This group holds the sensors that detect the traffic utilization of each network device. The bandwidth usage (amounts of input and output octets) is collected and calculated with the transmission speed of the network device. For network cards, since the duplex mode cannot be detected correctly, hence full duplex is assumed for further calculation. If a network card works in half duplex mode, the real utilization should be half of reported value. A network utilization sensor always has warning-high and fatal-high threshold values. The loopback device will not be monitored.

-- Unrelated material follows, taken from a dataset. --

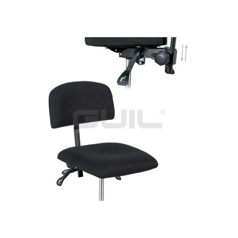 - Silla ergonómica para director de orquesta y percusionista con respaldo y asiento regulables.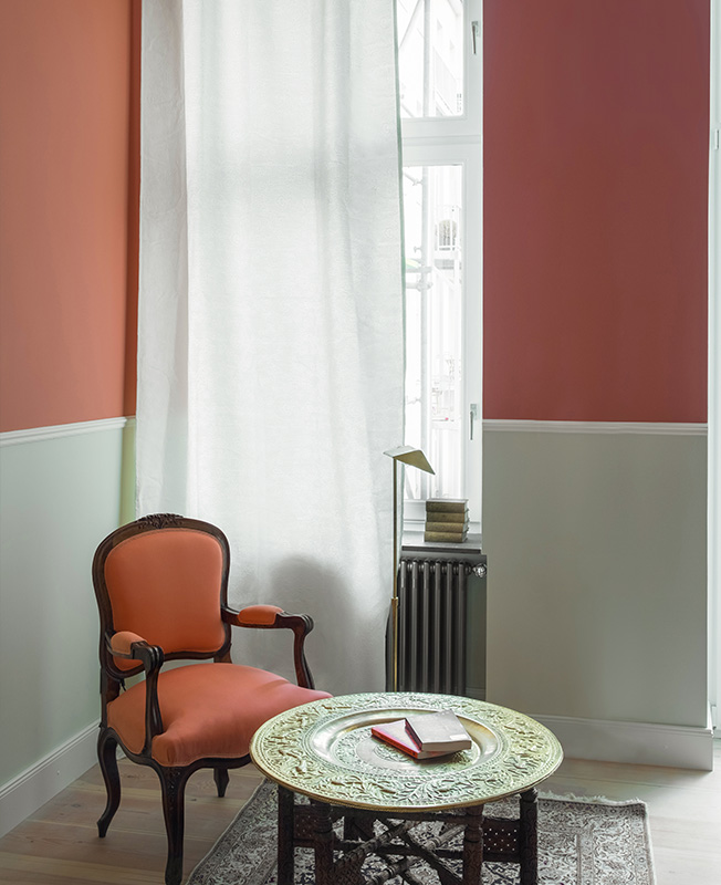 Дизайнер не мог предвидеть, что оттенок, который он выбрал для спальни, станет цветом 2019 г. по версии Pantone. Как и во всей квартире, здесь использована краска Farrow&Ball. Итальянские кресла, 1950. Столик привезен из Марокко.

Each sensor has affiliated properties: Name, Speed, Discarded Packets, Error Packets, Input Octets, and Output Octets.


Fig. The Network Group

Memory

This group possesses three kinds of memory usage: physical memory utilization (%), page file utilization (%), and page fault per second (Hz). The first two sensors are obvious to understand. The last one is how often that the activity of page fault occurs. A page fault means that some data are already swapped out into secondary storage such as disks but now they need to be swapped back into physical memory for further use. A heavy loading system (with too few physical memory or has too many tasks executed) usually has high page fault occurrence. This is an important index of system performance. You should always concern this and tune up to gain more computing capability. A memory utilization sensor always has warning-high and fatal-high threshold values.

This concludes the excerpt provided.